Je clique, ma main guide la souris qui déplace la flèche et fait apparaître les toiles du Maître ! J’étouffe un cri. Ce sont les toiles suspendues aux murs de la ferme : la même jeune fille  nue, gracile, aux  jambes élancées et aux pieds trop grands d’adolescente.

Le peintre, celui dont nous avons relevé la signature aux bas des tableaux de notre gîte Toscan existe toujours et vit à Florence. Une photo le montre tel qu’il est ou a été, comment savoir ?

C’est donc lui qui a été la cause des tourments de Jocelyne.

Sans le connaître j’ai pris partie depuis le début, pour Elle, la femme délaissée, la jeune fille découverte, la femme adorée pour sa beauté. L’égérie qui a nourrit l’artiste et l’œuvre puis s’est tarie avec le temps. Le Pygmalion soucieux de continuer à plaire, en a choisi une autre ...

Reclic. C’est Elle que je cherche. Apercevoir son image. Trouver la trace de son passage de Star sur les pages glacées des magasines de l’époque.

J’appelle à l’aide. Une recherche plus ciblée nous conduit sur un terrain que nous n’aurions pas soupçonnés :  le Cinéma ! Le nom de Jocelyne est cité dans une filmographie.

Pour une surprise, c’en est une !

Inlassablement, je retape le nom et le prénom  sur le clavier. On va bien finir par trouver une image de notre star…reformuler, persévérer… La mayonnaise est en train de prendre, pas question de lâcher la danse du pilon dans le mortier. Ajouter le filet d’huile d’olive, ce qu’il faut, sans trop…ajouter un mot…une mie de pain imprégnée de vinaigre…

La filmographie tourne autour de PASOLINI… Le nom de Jocelyne est cité dans plusieurs films du cinéaste italien dont « les mille et une nuits ».

La surprise est grande parmi la troupe rassemblée devant l’écran. Difficile pour nous d’imaginer notre Jocelyne dans ce contexte.

Nous devons faire  de gros efforts pour passer de la salopette noire, de la longue tresse au henné à la nudité érotique des films de PASOLINI.

Nous avons beau agrandir l’unique photo au très petit format proposée sur la page d’écran, aucun des protagonistes ne ressemble à notre hôtesse toscane.

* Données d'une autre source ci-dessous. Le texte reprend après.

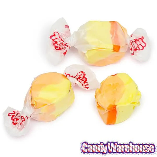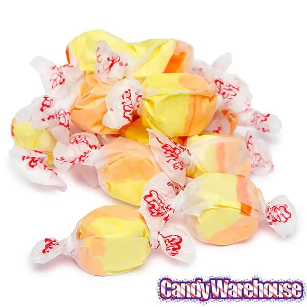 Bag contains 2.5 pounds of Gourmet Apricot Salt Water Taffy Candy.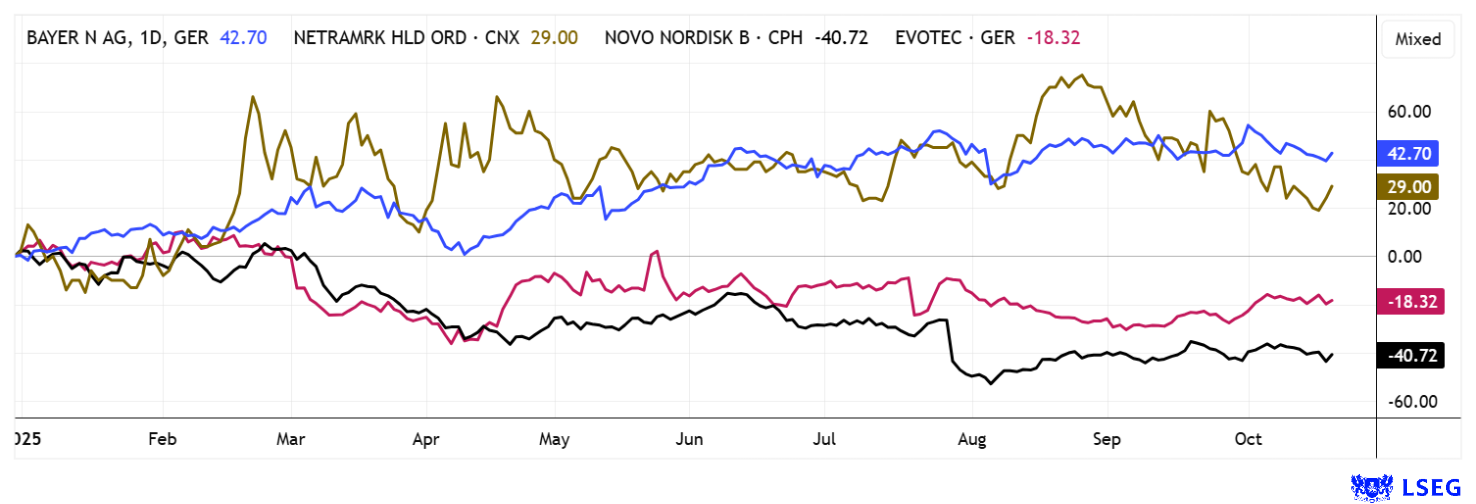 Artificial intelligence is establishing itself as a key factor in medical progress, from drug discovery to patient communication. NetraMark impresses with data-based models that identify disease patterns more quickly and optimize clinical processes. Evotec uses AI to deepen partnerships with pharmaceutical giants and expand its pipeline of precision therapeutics. Bayer is relying on digital platforms to streamline research and approval processes, which could leverage efficiency potential. Novo Nordisk remains a heavyweight in the obesity segment, and after a temporary 70% correction, the prospect of a turnaround is now attracting interest.

Dommage ! La Star ne scintillera pas ce soir sur le Vercors !

Les mecs sont déçus. Comme on les comprend ! La vie tumultueuse de Jocelyne dans les années fastes du cinéma italien nous permet de mieux comprendre les raisons  de ses réticences à dévoiler sa vie.

« Rien de plus simple ! Il suffit de télécharger un film ! je le grave sur un CD et je vous l’envoie ! ».

Quelle histoire ! Sand et Marmouset, intrigués par notre addiction soudaine à l’ordinateur s’inquiètent : « Qui est Jocelyne ? C’est qui PASOLINI ? »

Une soirée ne suffira pas à raconter nos émotions de voyage.

Sand est remontée dans sa chambre pour étudier au calme, loin des turpitudes de ce bas-monde et Marmouset s’est empressé de quitter la table en compagnie de sa dernière conquête qu’il couve d’un regard amoureux.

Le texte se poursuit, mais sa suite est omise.